# the blind Meat Cutter



## stevegomes (Aug 7, 2007)

hello. 
I am Steve the blind meat cutter from Denver Colorado. I am really blind and I got the name blind meat cutter from my friend Doctor Paul Gingrich who was a meat cutter for a store called Alfalfa's in boulder. I wanted to learn how to cut up whole chickens and he said "Let us close our eyes and cut meat and see how we do and we will call you if we think we can do it" So he called later and said come in tomorrow at 0800 and we will try it. He introduced me to customers as our new blind meat cutter. I learned how to make sausage and have all kinds of fun preparing food. Well, I need a new hobby and a new toy. I am going to get the Weber smoky Mountain soon. I am gona want to learn how to smoke brisket and pork and sausage. Right now I am on the virtual Weber board and am learning a lot there. So lets see if we can get any fatter and have fun. You can go to my web site and read the stories and see pictures of me and my Irish Catholic guide dog Finnegan. 

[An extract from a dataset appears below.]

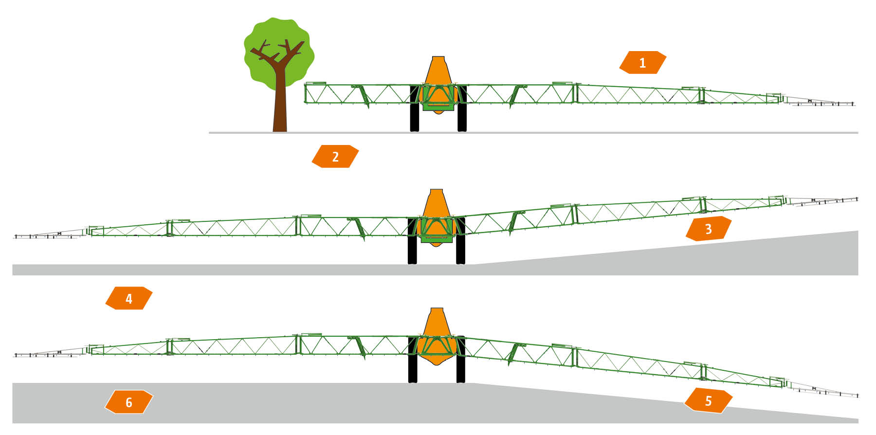 Suivi actif de la rampe ContourControl et compensation des fouettements SwingStop pour des largeurs de travail jusqu'à 36 m

Beer is proof God loves us and wants us to be happy. Benjamin Franklin 


my web site
www.11954.com/gomes
phone 720-747-4990


----------



## smok_n_okie (Aug 7, 2007)

Welcome, glad to have ya


----------



## wvsmokeman (Aug 7, 2007)

Welcome aboard the SMF!! Check out Jeff's free 5 day e-course on smoking meat http://www.smoking-meat.com/smoking-basics-ecourse.html. Glad you found us and I look forward to your posts!


----------



## desert smokin (Aug 7, 2007)

Welcome aboard. You came to the right place to hone your smokin skills. Keep us informed on your progress.


----------



## doc (Aug 7, 2007)

Good to have you aboard. Checked out your website. Feel free to ask if you have any questions!

Welcome to SMF!


----------



## richoso1 (Aug 7, 2007)

Wecome to the SMF. I respect the fact that you are continuing to challenge yourself. It helps to keep focus on life. I know you'll be in some smoke before you know it.


----------



## deejaydebi (Aug 7, 2007)

Welcome Steve -

You'll love this site. Wonderful friends, great recipes and all kinds of support for all kinds of smokers! Enjoy!


----------



## bigarm's smokin (Aug 7, 2007)

*Welcome aboard sir, and more power to ya! Terry
	

	
	
		
		



		
			




*


----------



## ba_loko (Aug 7, 2007)

Welcome to this forum.  There's many good folk here.  I look forward to hearing of your smokin'!  You're going to love it!


----------



## ultramag (Aug 7, 2007)

Welcome to SMF Steve!!! The WSM is an excellent beginners smoker IMO and TVWBB is a great resource to learn the nuances of mastering it.


----------



## msmith (Aug 7, 2007)

Welcome to SMF .


----------



## hawgheaven (Aug 7, 2007)

Welcome aboard Steve, glad you joined us! There is a wealth of knowledge here, so feel free to ask questions and share your experiences with us!

Take care!


----------



## blackhawk19 (Aug 7, 2007)

Welcome to the SMF


----------



## smokincowboy (Aug 7, 2007)

Welcome to the SMF


----------



## chris_harper (Aug 9, 2007)

welcome to SMF. glad you found us.


----------



## squeezy (Aug 9, 2007)

Welcome Steve to SMF ... I'd love to hear more about your support group and how you manage your life. I think we could learn a lot by emulating how you learned to cut meat by feel.
Hope we can be of some help to you, but I suspect we'll learn more from you.
Again welcome!


----------



## bbq bubba (Aug 9, 2007)

Welcome to the SMF 
	

	
	
		
		



		
		
	


	





  If a blind guy can use a knife, i guess you can play with fire!
P.S. how do you read the posts?


----------



## flagriller (Aug 9, 2007)

Welcome, glad you found us.


----------



## shellbellc (Aug 9, 2007)

Welcome aboard Steve and Finnegan!  I was wondering how you read the blog also.  There is a ton of useful knowledge, and being a butcher you'll have the best cuts of meat.  Can you "feel" the difference in well marbled cuts of beef???  I hope it's ok to ask these question..


----------



## deejaydebi (Aug 10, 2007)

My cousin is blind and his computer talks to him.  It reads the post to him. Kind of kewl. He's faster at searching the net than I am and I can see pretty well - relatively speaking.


----------



## coleysmokinbbq (Aug 20, 2007)

Hi Steve!...Welcome to the *SMF*!...
	

	
	
		
		



		
			






...We're glad to have you aboard!!...

Sorry it took so long to welcome you, but I've been offline due to ISP/computer problems since July 2...
	

	
	
		
		



		
		
	


	





Until later...


----------



## cheech (Aug 21, 2007)

So glad you found us and enjoy the great art of smoking meat. Sit back and enjoy the smell


----------